Oleh : Harry Kusuma
Abstraksi
Ketersediaan
lapangan pekerjaan bagi setiap warga negara adalah suatu keharusan yang dijamin
oleh konstitusi NKRI sebagai wujud dari upaya menciptakan kemakmuran dan
kesejahteraan. Besarnya jumlah angkatan kerja selalu berbanding terbalik dengan ketersediaan lapangan
pekerjaan. Hal inilah yang sering ditafsirkan sebagai penyebab pengangguran dan
kemiskinan di berbagai negara yang memiliki penduduk sangat besar seperti
Indonesia. Selain, itu ada faktor lainnya juga memperparah dan mempersempit
ketersediaan lapangan pekerjaan akibat krisis demi krisis yang dialami oleh
negara industri maju yang merupakan sentra ekonomi dunia sehingga membawa efek
domino terhadap perekonomian di Indonesia. Hal inilah yang mendorong berbagai
kalangan untuk menciptakan satu mekanisme dan sistem ketenagakerjaan yang
mumpuni serta mampu mendorong pertumbuhan ekonomi suatu negara. Adapun cara
tersebut, dikenal dengan Labour Market Flexibility (fleksibilitas pasar tenaga
kerja). Mekanisme ini menciptakan suatu kondisi dimana setiap angkatan kerja
memiliki hak dan kesempatan yang sama untuk mendapatkan pekerjaan. Selain itu,
mekanisme ini juga memperkecil biaya yang harus dikeluarkan oleh pengusaha
dalam merekrut tenaga kerja dan mekanisme ini juga menekankan pada aspek
kualitas tenaga kerja yang diukur dari keterampilan dan pendidikan. Namun,
penerapan mekanisme ini masih penuh dengan kecacatan yang amat parah karena
hanya melahirkan kesejahteraan semu. Melalui tulisan ini, penulis mencoba untuk
menelaah dan mengupas lebih mendalam tentang Labour Martket Flexibility (LMF).
Kata Kunci :
LMF, Intervensi, Outsourcing, Kerja Kontrak, dan Kesejahteraan.
Prolog
Memasuki abad ke-20, kapitalisme telah memasuki tahap
tertinggi yang sering disebut Imperialisme. Ciri-ciri yang
nampak di era Imperialisme ini yakni munculnya perusahaan-perusahaan raksasa
yang melakukan praktek monopoli dan berasal dari negara-negara adidaya seperti
AS dan Eropa Barat yang mampu menembus batas wilayah hingga ke negara-negara
berkembang di Asia, Afrika dan Amerika Selatan. Selain itu, aktivitas perluasan
atau ekspansi perusahaan raksasa ini juga didukung oleh lembaga keuangan/bank
sebagai sumber modal untuk mendukung aktivitas kinerja perusahaan-perusahaan
raksasa tersebut, dan ditandai dengan tinggi perpindahan modal secara
besar-besaran dari negara-negara pusat ekonomi dunia ke negara-negara
berkembangan atau proses ini sering disebut dengan ekspor kapital.

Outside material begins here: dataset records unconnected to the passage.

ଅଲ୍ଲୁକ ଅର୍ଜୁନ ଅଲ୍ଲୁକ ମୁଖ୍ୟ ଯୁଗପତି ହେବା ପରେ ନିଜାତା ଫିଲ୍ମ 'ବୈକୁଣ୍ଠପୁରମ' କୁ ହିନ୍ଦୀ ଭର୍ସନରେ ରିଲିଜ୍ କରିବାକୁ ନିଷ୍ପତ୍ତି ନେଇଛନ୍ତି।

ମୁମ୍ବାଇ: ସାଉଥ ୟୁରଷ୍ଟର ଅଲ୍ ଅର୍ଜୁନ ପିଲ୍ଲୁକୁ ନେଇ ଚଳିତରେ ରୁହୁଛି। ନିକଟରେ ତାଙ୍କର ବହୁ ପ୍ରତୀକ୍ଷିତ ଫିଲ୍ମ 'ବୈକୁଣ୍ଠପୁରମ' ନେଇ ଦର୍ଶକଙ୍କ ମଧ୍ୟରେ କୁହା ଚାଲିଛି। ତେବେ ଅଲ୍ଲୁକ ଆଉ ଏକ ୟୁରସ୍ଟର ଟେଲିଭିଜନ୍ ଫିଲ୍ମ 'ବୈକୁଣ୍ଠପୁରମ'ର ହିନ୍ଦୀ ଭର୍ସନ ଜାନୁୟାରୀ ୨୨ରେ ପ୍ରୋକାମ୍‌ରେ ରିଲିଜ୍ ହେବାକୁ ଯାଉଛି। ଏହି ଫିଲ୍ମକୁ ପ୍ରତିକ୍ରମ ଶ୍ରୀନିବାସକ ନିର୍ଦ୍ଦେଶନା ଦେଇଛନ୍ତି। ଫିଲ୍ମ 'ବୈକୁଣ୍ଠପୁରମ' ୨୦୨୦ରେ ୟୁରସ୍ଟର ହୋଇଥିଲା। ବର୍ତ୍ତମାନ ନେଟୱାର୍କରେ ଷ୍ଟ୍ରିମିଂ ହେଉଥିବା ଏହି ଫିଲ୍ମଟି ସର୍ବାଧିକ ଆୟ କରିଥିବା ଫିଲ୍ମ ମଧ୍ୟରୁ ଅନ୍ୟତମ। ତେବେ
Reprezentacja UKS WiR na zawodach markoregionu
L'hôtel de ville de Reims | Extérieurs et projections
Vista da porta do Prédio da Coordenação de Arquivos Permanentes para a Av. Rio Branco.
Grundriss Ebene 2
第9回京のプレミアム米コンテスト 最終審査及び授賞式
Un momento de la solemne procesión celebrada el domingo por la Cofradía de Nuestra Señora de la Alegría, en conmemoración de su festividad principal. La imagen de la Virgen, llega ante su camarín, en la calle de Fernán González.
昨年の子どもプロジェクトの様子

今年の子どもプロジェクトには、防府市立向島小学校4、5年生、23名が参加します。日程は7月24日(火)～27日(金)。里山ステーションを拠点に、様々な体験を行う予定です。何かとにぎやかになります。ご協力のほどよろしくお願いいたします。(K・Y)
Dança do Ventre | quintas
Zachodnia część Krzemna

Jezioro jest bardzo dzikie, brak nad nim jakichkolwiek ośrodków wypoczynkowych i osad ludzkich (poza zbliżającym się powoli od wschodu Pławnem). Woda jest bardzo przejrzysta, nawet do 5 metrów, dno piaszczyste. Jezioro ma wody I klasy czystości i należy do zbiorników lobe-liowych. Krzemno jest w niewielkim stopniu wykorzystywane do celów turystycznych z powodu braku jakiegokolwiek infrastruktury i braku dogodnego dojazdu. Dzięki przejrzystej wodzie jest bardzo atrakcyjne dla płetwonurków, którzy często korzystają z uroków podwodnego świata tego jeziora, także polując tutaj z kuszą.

Panah waktu bergerak ke abad ke-21, kita menjadi saksi
hidup dari krisis demi krisis yang menimpa imperialisme yang kian kronis. Akar
dari krisis ini terletak di dalam sistem kapitalisme yang dipraktekan di
negara-negara maju yakni overproduksi barang-barang konsumsi dasar,
barang-barang berteknologi tinggi, persenjataan militer, krisis energi karena
kerakusan mereka sendiri, krisis keuangan (financial) karena praktek manipulasi.
Hal ini merupakan konsekuensi logis dari praktek perebutan pangsa pasar dunia
bagi barang komoditas yang dihasilkan oleh antar kekuatan Imperialisme.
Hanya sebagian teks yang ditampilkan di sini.